» **Your instructions**
Exactly retype the opening line of the entries and every line after it, ending with the line that contains "Multiplication 2-Digit by 2-Digit". Skip all pictures.

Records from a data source
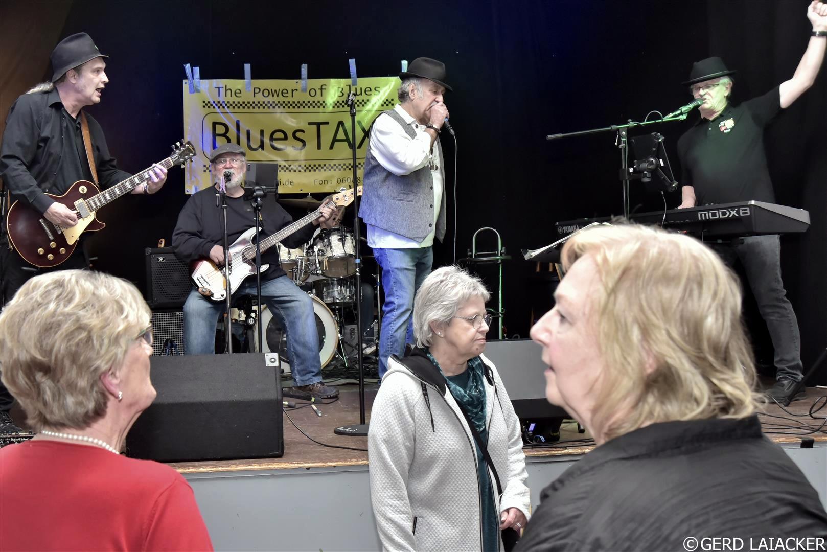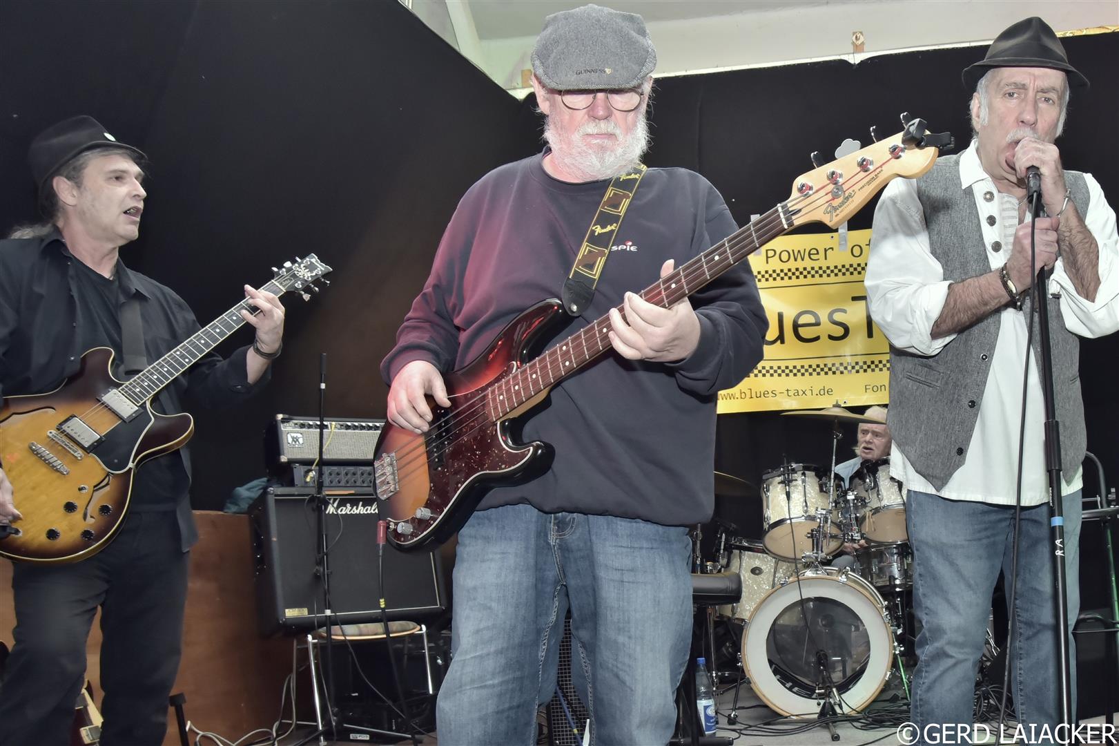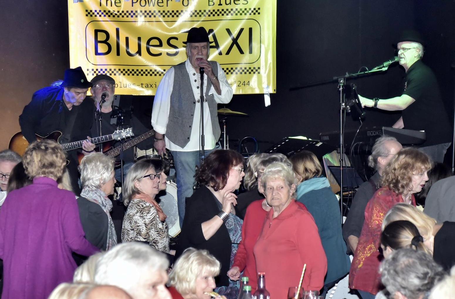 Bevor die Band ihr zweites Set begann, gratulierten Britta und Moni unserem Mitglied Kriemhilde Endler herzlich zu ihrem runden Geburtstag. Die Band spielte großartige Songs, die auch für Rock’n’Roll-Fans geeignet waren. Titel wie „Jambalaya“, „Skinnie Minni“ und „Shake, Rattle & Roll“ brachten das Publikum zum Tanzen und Feiern. Auch Stones-Fans kamen mit „Honky Tonk Woman“ voll auf ihre Kosten und das Publikum sang begeistert mit. Eric Claptons Klassiker „Lay Down Sally“ und „Cocaine“ kamen beim Publikum ebenfalls sehr gut an. Mit den Liedern „Wonderful Tonight“ und „I Got My Mojo Working“ bedankte sich „Blues Taxi“ beim tanzfreudigen Publikum und verabschiedete sich schließlich.
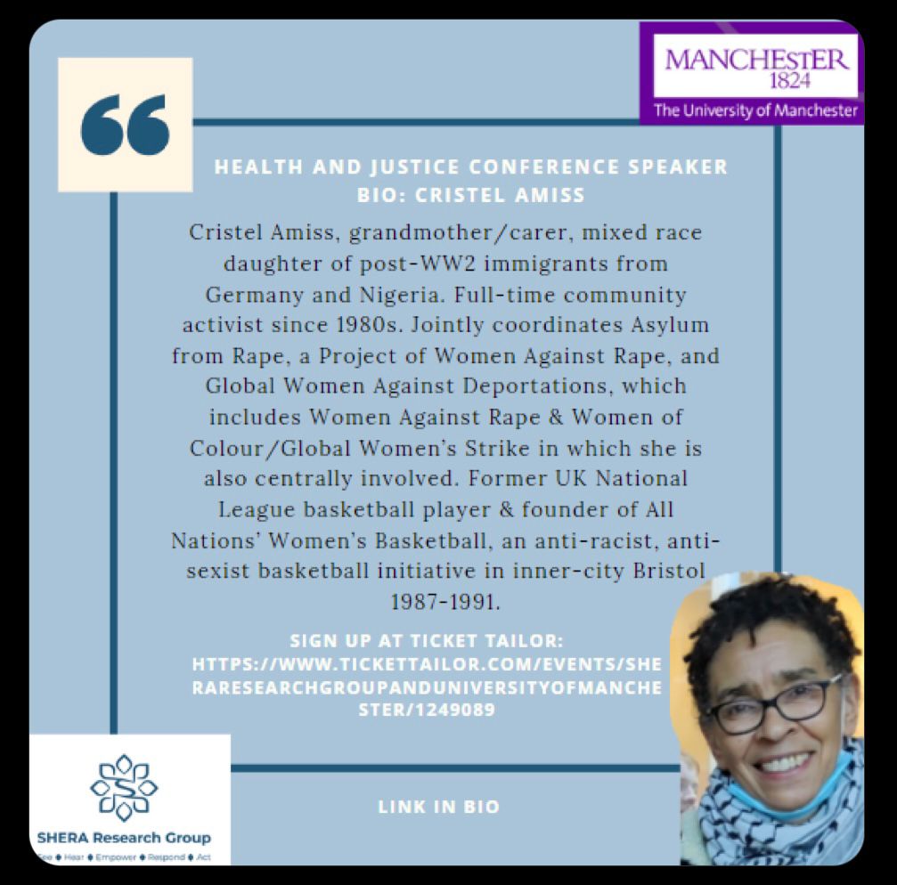 Cristel Amiss, is a grandmother/carer, mixed race daughter of post-WW2 immigrants from Germany and Nigeria. Full-time community activist since 1980s. Jointly coordinates Asylum from Rape, a Project of Women Against Rape, and Global Women Against Deportations, which includes Women Against Rape & Women of Colour/Global Women’s Strike in which she is also centrally involved.
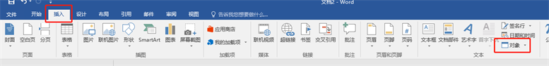 打开文档,在新建文档的工具栏中点击【插入】工具,然后在文本工具栏下点击【对象】旁边的复选框箭头,选择【文件中的文字】
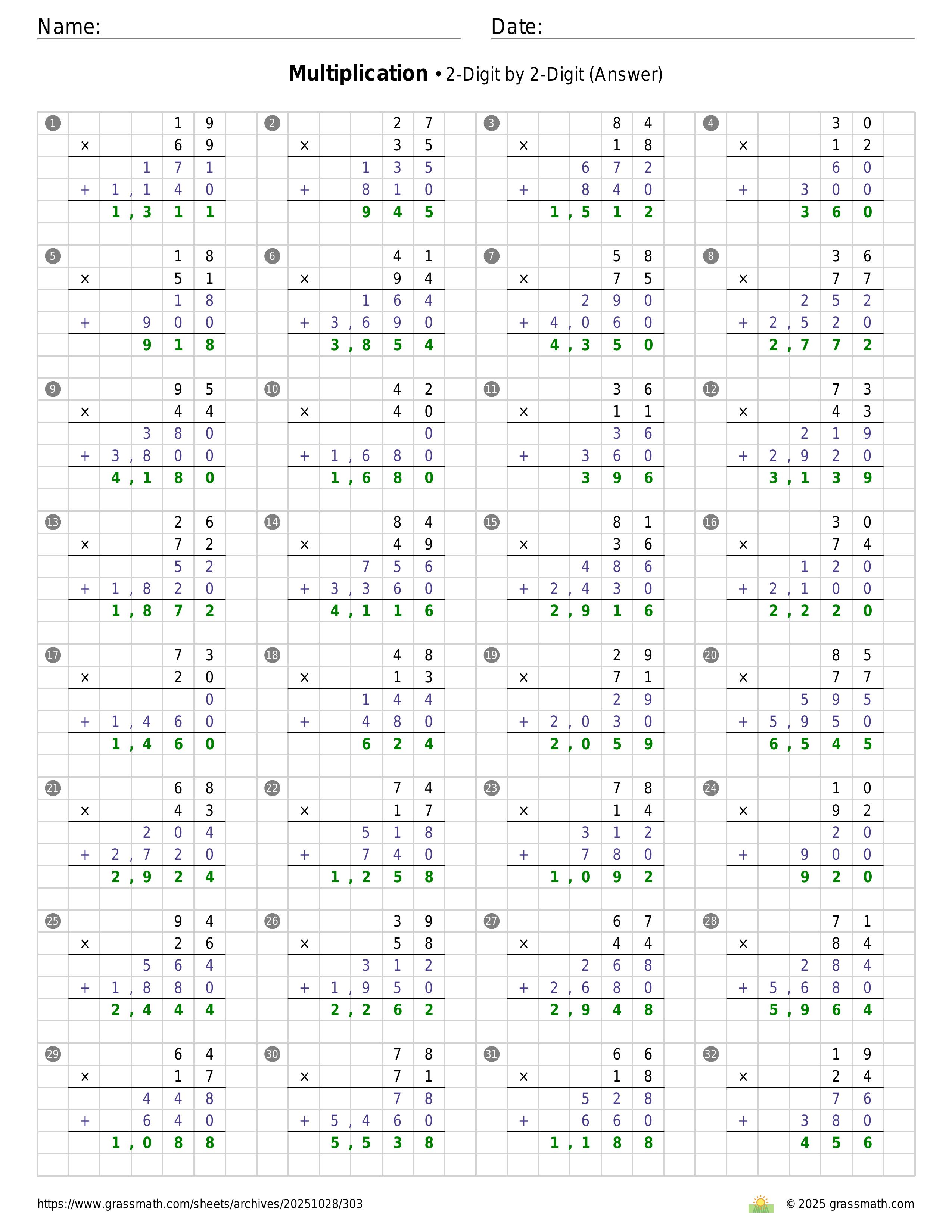 Multiplication 2-Digit by 2-Digit
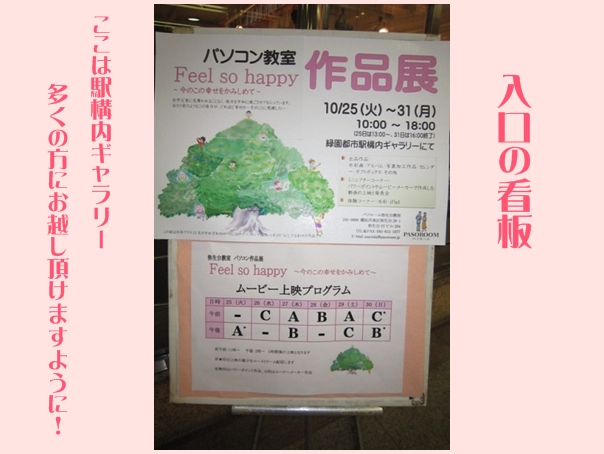 2011年10月25日(火)〜10月31(月) 緑園都市駅構内ギャラリーにて 今年もまた、例年通り作品展を開催することができました。 「例年通り」 今回ほどこの言葉をありがたく思ったことはありません。 大きな災害に見舞われた日本。 しかし、横浜に住む私達は「いつもの通り」毎日を平和に過ごさせてもらっています。 当たり前のようなこの毎日が、どれほど幸せか・・ そのことに感謝したい・・ そんな気持ちを込めて作り上げた今回の作品展でした。 その思いが綴られた水彩クラス13名の方の合作シンボルツリー。 皆さんのお気持ちが一杯詰まったムービー作品。 普段のレッスンの成果として出来上がったそれぞれの作品。 どれもこれもが今まで以上にありがたく思えます。 いろいろな思いを抱えながらも作品作りにご協力くださった皆さん、 そしてお忙しい中ギャラリーに足を運んで下さった287名の皆さま、 本当にありがとうございました。

» **Exercise answer**
 Bevor die Band ihr zweites Set begann, gratulierten Britta und Moni unserem Mitglied Kriemhilde Endler herzlich zu ihrem runden Geburtstag. Die Band spielte großartige Songs, die auch für Rock’n’Roll-Fans geeignet waren. Titel wie „Jambalaya“, „Skinnie Minni“ und „Shake, Rattle & Roll“ brachten das Publikum zum Tanzen und Feiern. Auch Stones-Fans kamen mit „Honky Tonk Woman“ voll auf ihre Kosten und das Publikum sang begeistert mit. Eric Claptons Klassiker „Lay Down Sally“ und „Cocaine“ kamen beim Publikum ebenfalls sehr gut an. Mit den Liedern „Wonderful Tonight“ und „I Got My Mojo Working“ bedankte sich „Blues Taxi“ beim tanzfreudigen Publikum und verabschiedete sich schließlich.
 Cristel Amiss, is a grandmother/carer, mixed race daughter of post-WW2 immigrants from Germany and Nigeria. Full-time community activist since 1980s. Jointly coordinates Asylum from Rape, a Project of Women Against Rape, and Global Women Against Deportations, which includes Women Against Rape & Women of Colour/Global Women’s Strike in which she is also centrally involved.
 打开文档,在新建文档的工具栏中点击【插入】工具,然后在文本工具栏下点击【对象】旁边的复选框箭头,选择【文件中的文字】
 Multiplication 2-Digit by 2-Digit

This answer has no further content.